=== GOAL OF THE EXERCISE ===
Keeping pictures out, repeat the lines of the listing below exactly, starting at its first line and finishing with the one that holds "Стіл комп'ютерний Київський".

=== RAW DATA ===

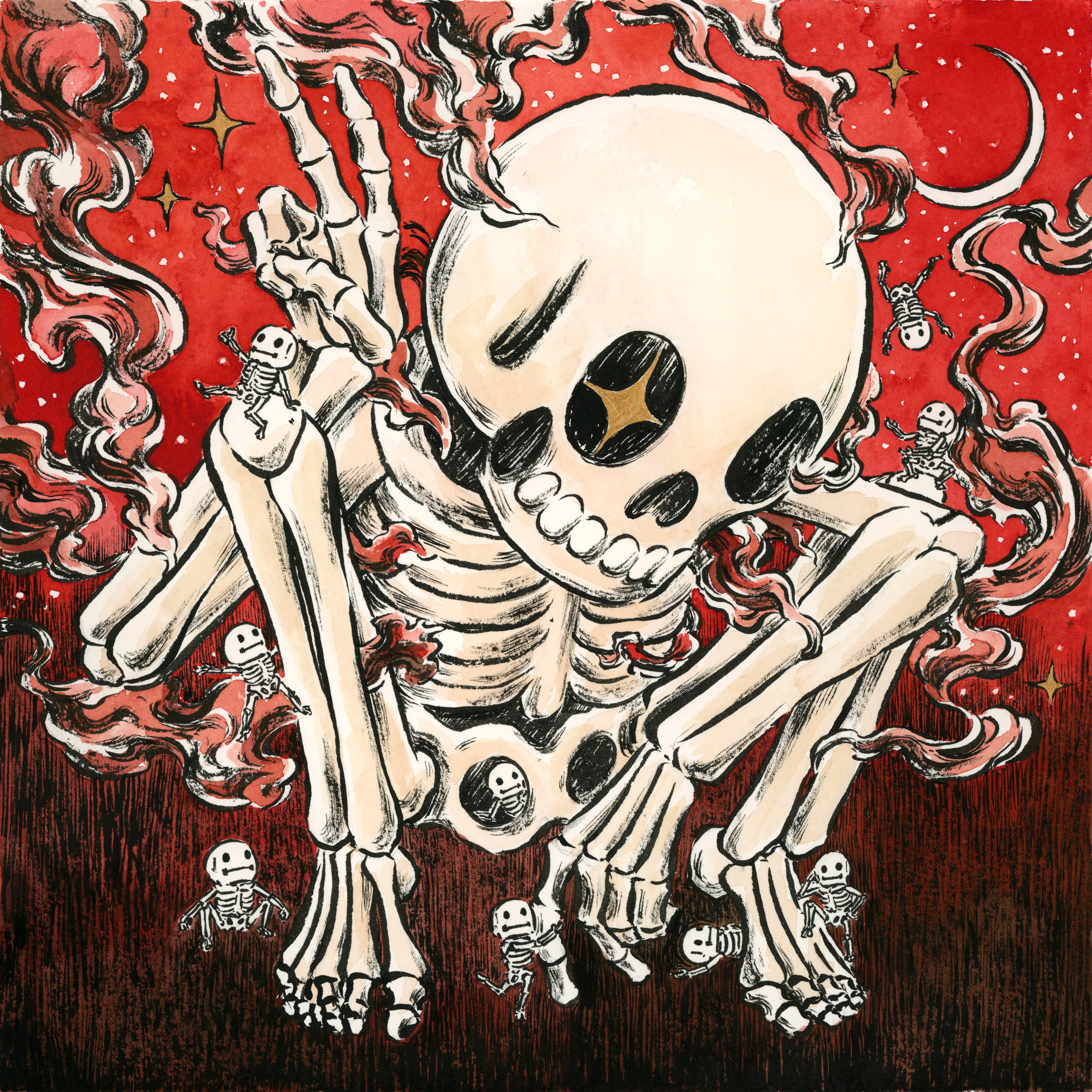 Ink, watercolor & gold acrylic painting created for "Yokai Show" (2021) group exhibition at Giant Robot Store in Los Angeles, CA.
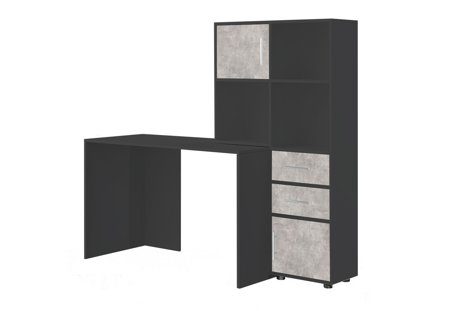 Стіл комп'ютерний Київський стандарт КС-05 160x60 см з надставкою і стелажем антрацит / бетон, збірка права
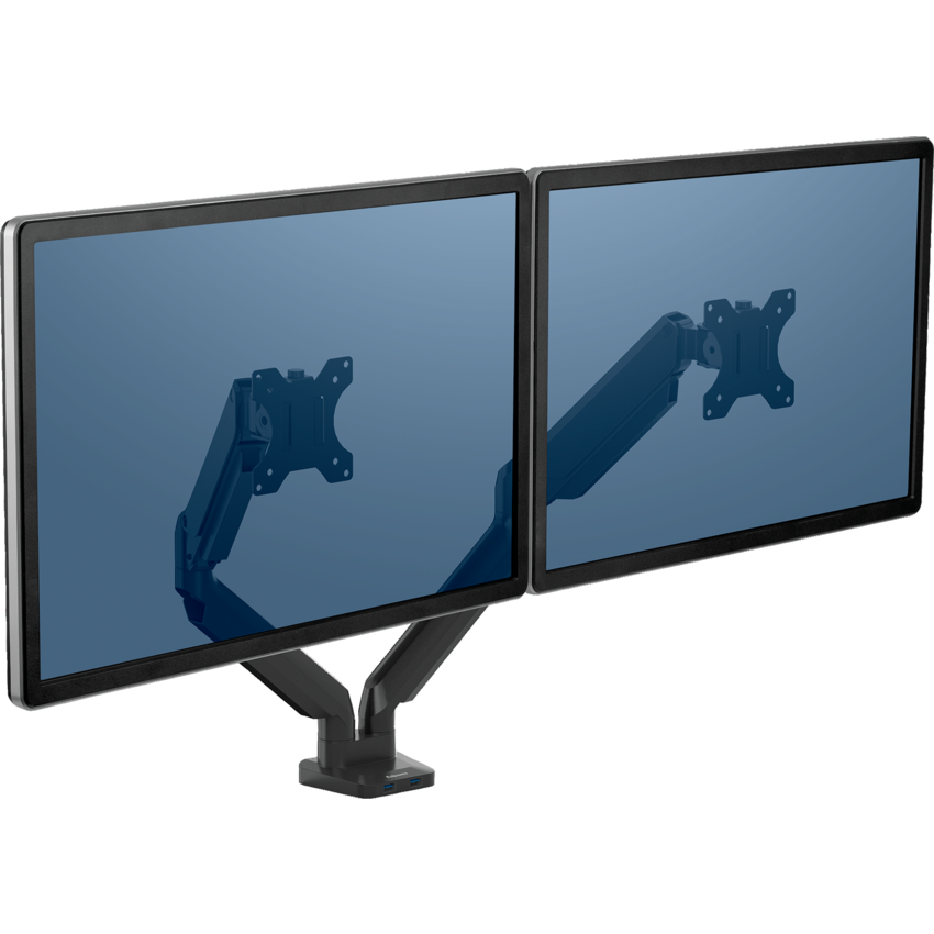 Increase valuable desk space and easily adjust your monitor to reduce eye, neck and shoulder strain. Mounts via clamp or grommet. Dual Arm. Two USB ports located at the base of the product. Meets VESA mounting standards. Height range from 5-1/3" to 16-1/3". Tilts -45° to +45°. 2-1/2" to 19-1/2" depth adjustment. Rotates 360°. For monitors up to 17.6 lbs (32") on each arm. Black.

=== TASK SOLUTION ===
 Ink, watercolor & gold acrylic painting created for "Yokai Show" (2021) group exhibition at Giant Robot Store in Los Angeles, CA.
 Стіл комп'ютерний Київський стандарт КС-05 160x60 см з надставкою і стелажем антрацит / бетон, збірка права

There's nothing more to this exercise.